Machine Learning Session 15: 

    Developing predict function and testing accuracy. 

> predict = function(x,b){
  ycap =   x%*%b
  ycap
}

input matrix. 
>  X = cbind(1, df$age, df$exp, df$q)


> dim(X)
[1] 10  4
> X
      [,1] [,2] [,3] [,4]
 [1,]    1   21  0.0    5
 [2,]    1   22  1.0    5
 [3,]    1   21  0.0    8
 [4,]    1   22  1.0    8
 [5,]    1   25  4.0    5
 [6,]    1   25  3.5    8
 [7,]    1   25  4.0    8
 [8,]    1   30  8.0    5
 [9,]    1   31  8.0    8
[10,]    1   31  9.0    8


> ycap = predict(X, beta)
> dim(ycap)
[1] 10  1
> ycap
          [,1]
 [1,] 17546.43
 [2,] 24241.83
 [3,] 23343.01
 [4,] 30038.42
 [5,] 44328.04
 [6,] 50663.94
 [7,] 50124.62
 [8,] 78883.70
 [9,] 92454.33
[10,] 91375.68

How to test accuracy of model predictions. 

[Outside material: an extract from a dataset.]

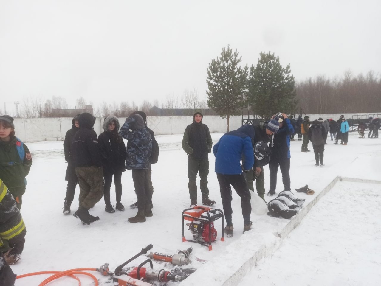 Не смотря на холод и небольшую метель, мальчишки и девчонки вместе со спасателями тушили пожар, спускались с третьего этажа условно горящего здания, учились пользоваться мощным гидравлическим инструментом, проползали по «переправе» и конечно, оказывали первую помощь пострадавшим.

based on closeness expectation between actual target value
 and predicted value. 

ex:
  a is actual age
  acap is predicted age. 

  then distance between actual and predicted. 

> a=25
> acap=26
> abs(a-acap)/acap * 100
[1] 3.846154

here distance is 3.84

Then closeness between  actual and predicted. 

100 - distance.


> 100 - abs(a-acap)/acap * 100
[1] 96.15385

here closeness 96%, if expected closeness 90%, 
  then above prediction is good. 

lets apply above accuracy measurement on our predictions. 

 ex:   y(actual incomes) and ycap(predicted incomes)

> Y = cbind(df$income)
> Y
       [,1]
 [1,] 20000
 [2,] 25000
 [3,] 25000
 [4,] 30000
 [5,] 40000
 [6,] 47000
 [7,] 50000
 [8,] 80000
 [9,] 91000
[10,] 95000

> ycap
          [,1]
 [1,] 17546.43
 [2,] 24241.83
 [3,] 23343.01
 [4,] 30038.42
 [5,] 44328.04
 [6,] 50663.94
 [7,] 50124.62
 [8,] 78883.70
 [9,] 92454.33
[10,] 91375.68

> dist = abs(Y-ycap)/ycap * 100
> dist
            [,1]
 [1,] 13.9832956
 [2,]  3.1275150
 [3,]  7.0984295
 [4,]  0.1278863
 [5,]  9.7636619
 [6,]  7.2318577
 [7,]  0.2486241
 [8,]  1.4151260
 [9,]  1.5730205
[10,]  3.9663939

> closeness = 100 - dist
> closeness
          [,1]
 [1,] 86.01670
 [2,] 96.87248
 [3,] 92.90157
 [4,] 99.87211
 [5,] 90.23634
 [6,] 92.76814
 [7,] 99.75138
 [8,] 98.58487
 [9,] 98.42698
[10,] 96.03361

> closeness>=90
       [,1]
 [1,] FALSE
 [2,]  TRUE
 [3,]  TRUE
 [4,]  TRUE
 [5,]  TRUE
 [6,]  TRUE
 [7,]  TRUE
 [8,]  TRUE
 [9,]  TRUE
[10,]  TRUE

> closeness[closeness>=90]
[1] 96.87248 92.90157 99.87211 90.23634 92.76814 99.75138 98.58487
[8] 98.42698 96.03361
> length(closeness[closeness>=90])
[1] 9
> pcnt = length(closeness[closeness>=90])
> pcnt
[1] 9
> n = length(Y)
> n
[1] 10
> acc = pcnt/n * 100
> acc
[1] 90

Developing function for accuracy testing. 
---------------------------------------

> accuracy = function(y,ycap,closeness){
+     de = 100 - closeness
+     dist = abs(y-ycap)/ycap * 100
+     pcnt = length(dist[dist<=de])
+     n = length(y)
+     acc = pcnt/n * 100
+     acc
+ }
> accuracy(Y, ycap, 80)
[1] 100
> accuracy(Y, ycap, 85)
[1] 100
> accuracy(Y, ycap, 90)
[1] 90
> accuracy(Y, ycap, 95)
[1] 60

-------------------------------

Machine Learning Session 16:

Topic : Implemention of Regression models  with Python Numpy. 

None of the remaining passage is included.